Dandelion Paddock cricket ground
- Interactive map of Dandelion Paddock cricket ground
- Location: Margate, Kent
- Coordinates: 51°22′41″N 1°21′00″E﻿ / ﻿51.378°N 1.350°E (approx.)
- Home club: Sir Horatio Mann's XI
- County club: Kent (pre-county club)
- Establishment: 1789
- Last used: 1806

= Dandelion Paddock =

Former cricket ground in Dent de Lion, Kent

Dandelion Paddock was a cricket ground in Dent de Lion west of Margate, Kent. Sir Horatio Mann organised a number of matches there in the 1790s.

==Location==
The paddock was sited in the grounds of Dent de Lion, also known as Dandelion, in Garlinge, now a suburb located 1.5 mi south-west of Margate. The estate was established around a former manor house in the 12th or 13th century by the family of Dent de Lyon. It was owned by Charles James Fox for many years until his death in 1806. The only remaining evidence of the estate is a 15th-century gatehouse.

==Matches==
The grounds had been converted into a resort and tea garden by the time cricket matches were held there and had become very popular with residents of Margate and nearby Ramsgate.
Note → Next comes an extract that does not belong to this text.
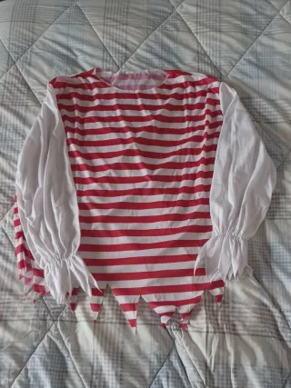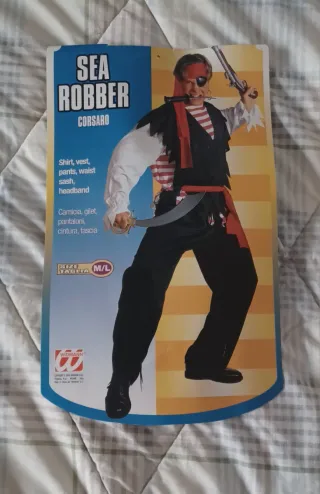 Costume Carnevale Pirata Spada Sigaro Cappello come nuovo. Indossato una sola volta. Misure in cm maglia a righe: da spalla a spalla 53, lunghezza manica 60, lunghezza maglia 70. Misure in cm pantaloni: lunghezza 100, vita (elastica) 43. Misura Gilet nero in cm: lunghezza 70. Taglia M - L

The earliest known match at Dandelion Paddock was in September 1789 when Mann's East Kent played a team from the Isle of Thanet. In September 1795, it became an important venue when Mann staged three successive matches featuring his own XI. Two further games took place in 1796.

The ground is last known to have been used on 15 September 1806 when Lord Frederick Beauclerk's XI defeated Edward Bligh's XI by 53 runs. Kent also used the New Cricket Ground in Cliftonville to the east of Margate for one match in 1864.